Human Rights First Calls on the Departments of Homeland Security and Justice, and Congress, to Put Safeguards on Use of Detention and Improve Conditions

WASHINGTON - Since 2003, U.S. immigration authorities have spent more than $300
million to detain over 48,000 asylum seekers in U.S. prisons and
prison-like facilities - in a system that lacks basic due process
safeguards and is inconsistent with America's longstanding commitment
to protect those who flee from persecution, according to a report
released today by a leading human rights organization.

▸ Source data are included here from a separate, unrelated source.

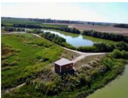
אגמון עמק חפר
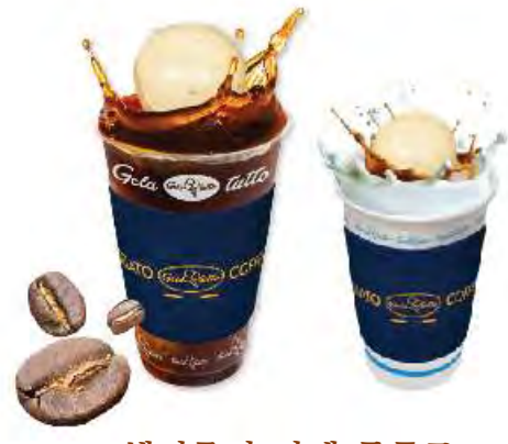
헤이즐넛 카페 플러트
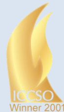
2001 国际医疗服务贡献奖
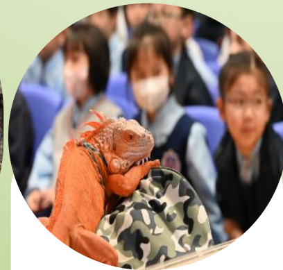
創造嶄新 奇趣經歷
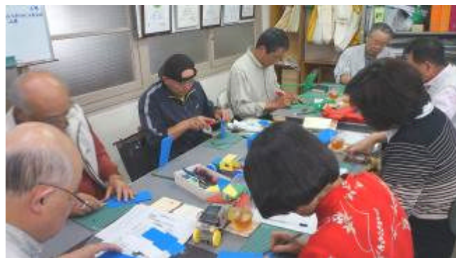
⑤熱心にプラダンを加工するボランティアの方々

"Refugees who seek protection in this country are greeted with
handcuffs and prison uniforms, and they are treated like prisoners in
correctional facilities," said Eleanor Acer, the director of Human
Rights First's Refugee Protection Program. "New leadership at the
Departments of Homeland Security and Justice should seize the
opportunity to end this practice and implement some long overdue
reforms, like ensuring that an asylum seeker can't be detained for
months or years without having an immigration court consider the need
for continued detention."  

In its report, U.S. Detention of Asylum Seekers: Seeking Protection, Finding Prison, Human Rights First also found:

  • ICE has increased its use of penitentiary-like facilities by 62% in
    recent years - and asylum seekers, who are often brought in handcuffs
    and sometimes shackles to these facilities, are detained for months and
    sometimes years in actual jails or facilities that are operated like
  • Some of the largest facilities are located far from legal
    representation and the immigration courts - at some of these facilities
    detained asylum seekers see U.S. immigration judges only on television
    sets, since their immigration court asylum hearings are often conducted
    by video.  
  • While it costs ICE about $95 a day to detain an asylum
    seeker, alternatives to detention cost between $10 and $14 a day, and
    releasing on parole an asylum seeker who satisfies the release criteria
    and poses no threat to the community has no daily cost.  
  • ICE release policies for asylum seekers have become more
    restrictive in recent years, and parole rates have dropped sharply -
    leaving some asylum seekers detained for months or years even though
    they met the release criteria and presented no risk to the public.   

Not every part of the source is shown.